Fifth fertility doctor who used own sperm says it was a ‘mix up’
A fifth fertility doctor who has been found to have used his own sperm to father children says the discovery came ‘as a total surprise’, the Volkskrant reported on Friday.
The man, Henk Ruis (71), agreed to cooperate with a dna investigation following the discovery by one donor child that he was his biological father, according to donor children association Stichting FION. The organisation then decided to publish the doctor’s name in case more cases would come to light.
Ruis fathered at least three children at the end of the 1980s and the beginning of the 1990s. In one case the agreement was not to use donor sperm but the the sperm of the woman’s husband.
Ruis claims his sperm must have been mixed or exchanged with donor sperm pointing to ‘the primitive lab facilities’ at the time. The fact that his sperm was present in the clinic at all had to do with the testing of freezing equipment, he said.

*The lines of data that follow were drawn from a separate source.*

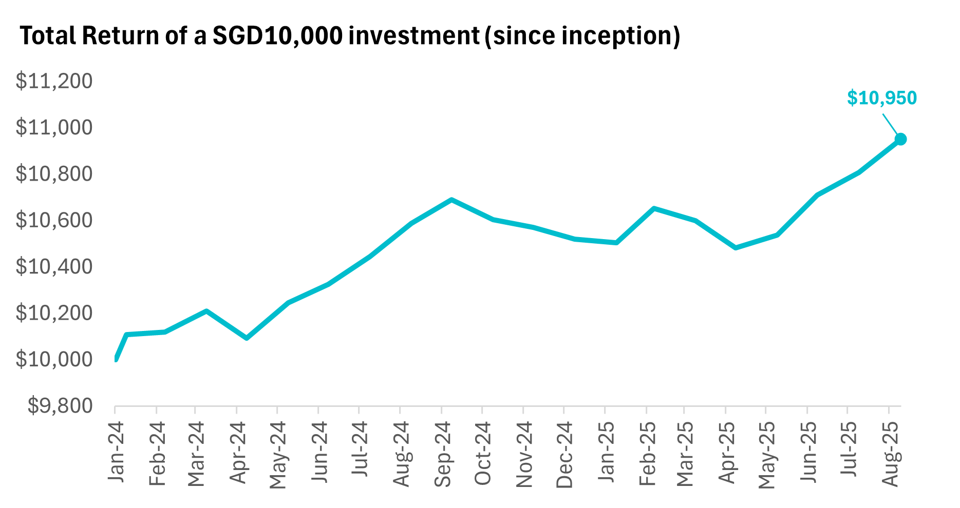 If you had invested SGD10,000 in the fund’s Class A (SGD-H) Distribution share class at inception and reinvested all payouts, your investment would have grown to SGD10,950 as at the end of August 20252.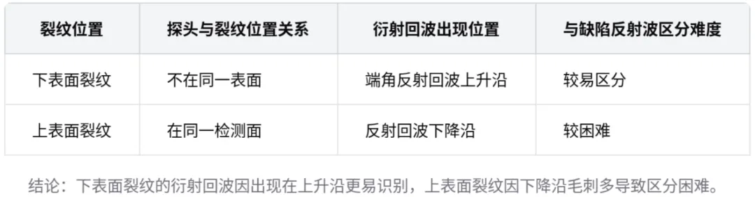 上下表面裂纹衍射回波特点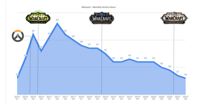 根据Gamerant的资料中可以发现,动视暴雪的月活跃用户从2017第二季达到最高峰后,一路下滑,到2021年中还是如此。其中可以发现,即使在疫情期间,大多数人有更多的时间留在家里打游戏的情况下,活跃用户数却还是无法维持。这其实反应了很多游戏即使很经典,但陆续所推出游戏更新内容,玩家并没有为之买单。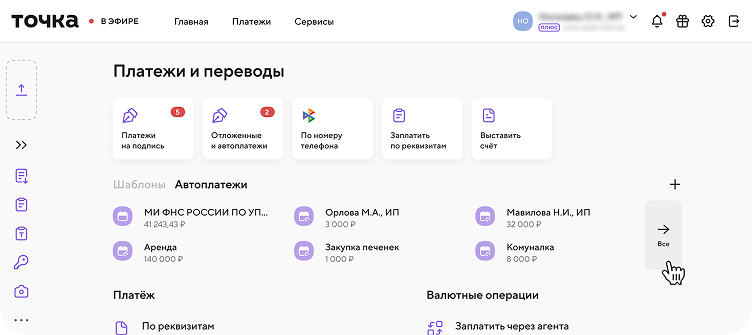 - Откройте список автоплатежей: для этого перейдите в «Платежи» на главной интернет-банка, выберите вкладку «Автоплатежи» и откройте нужный платёж. Если платежей много, нажмите на кнопку «Все».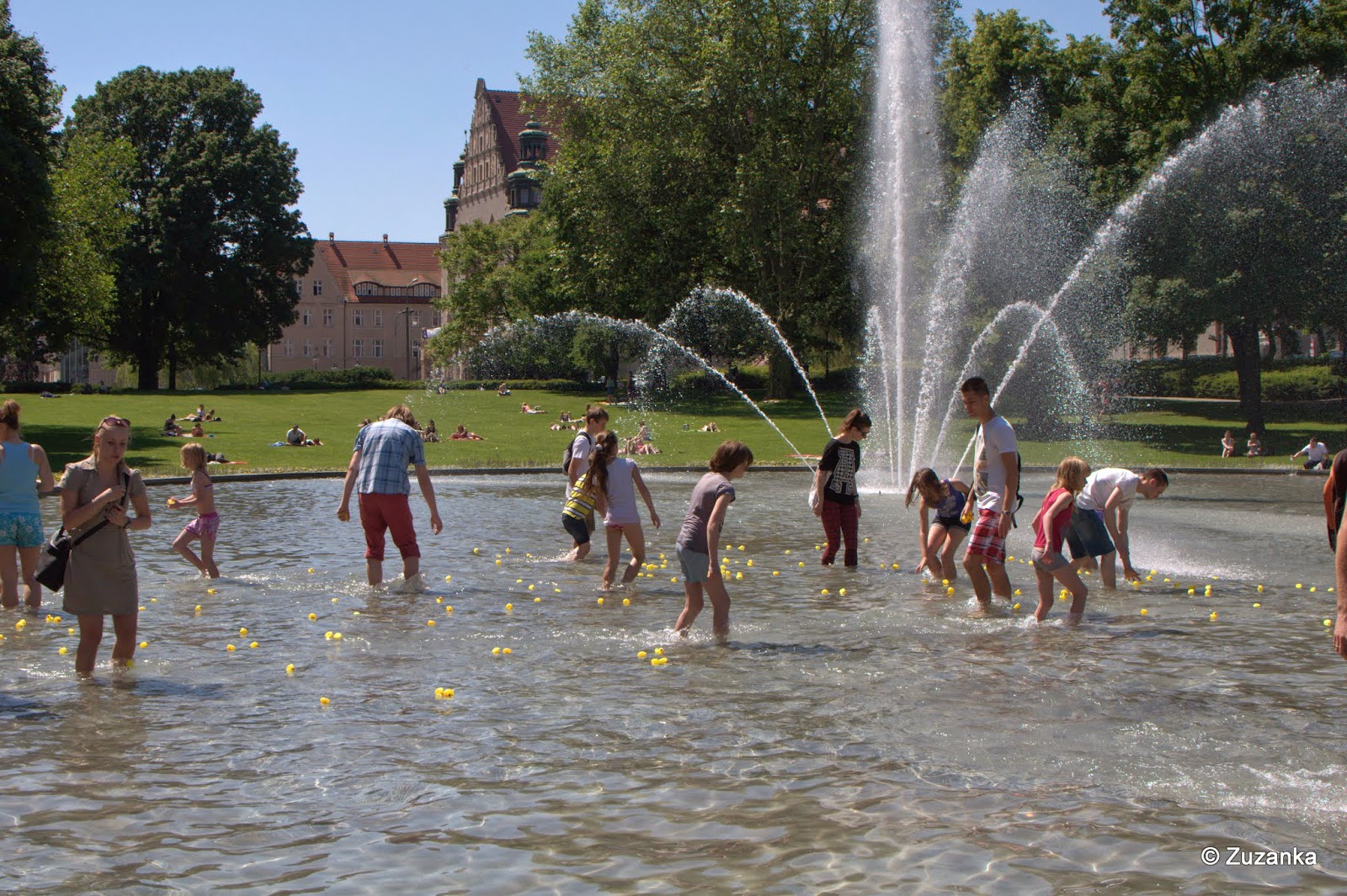 W sobotę Cropp zorganizował akcję reklamową, w której chodziło o to, żeby złowić kaczkę z fontanny. Zapowiedź była szumna, kaczki niknęły w dużej fontannie (spodziewałam się całej fontanny kaczek, niestety). Maj złowił kilka kaczek oraz dokonał strat na odzieży. Ale wyschła. Odzież.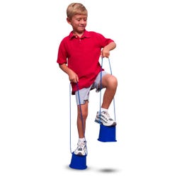 Step-N-Stilts add a fun element to balance development. New deep pebble-grain surfaces gives superior footing, plus the step-n-roll bottoms better mimic natural foot movement. Strong PVC rope hand cords can be reknotted for length adjustment. Step-N-Stilts are made of a sturdy plastic and the strand measure 4-7/8 in. Set includes 6 pairs of Step-N-Stilts with one pair in each color: Red, Yellow, Blue, Green, Purple and Orange.Features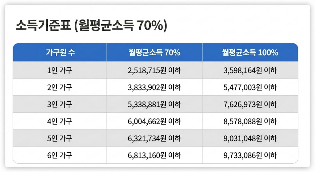 📊 도시근로자 가구당 월평균소득 70% 기준

The Nij Geertgen clinic in Noord-Brabant where the man worked said it would have been unacceptable if he had donated his own sperm, even if the rules at the time meant men could do so anonymously.
‘There were no rules for donor conception but then, as now, it was considered unethical for a doctor to use his own sperm whithout consulting the parents and asking their permission,’ a spokesperson fort he clinic told the paper.
The case brings the number of fertility doctors who used their own sperm without the permission of the mothers to five.
More donor children are asking for information to find out who their biological father is, partly prompted by the news about the doctors.
Before June 2004 sperm donors had the option to remain anonymous but from that date all data surrounding artificial insemination must be registered and made available on request, including anything on record from before 2004.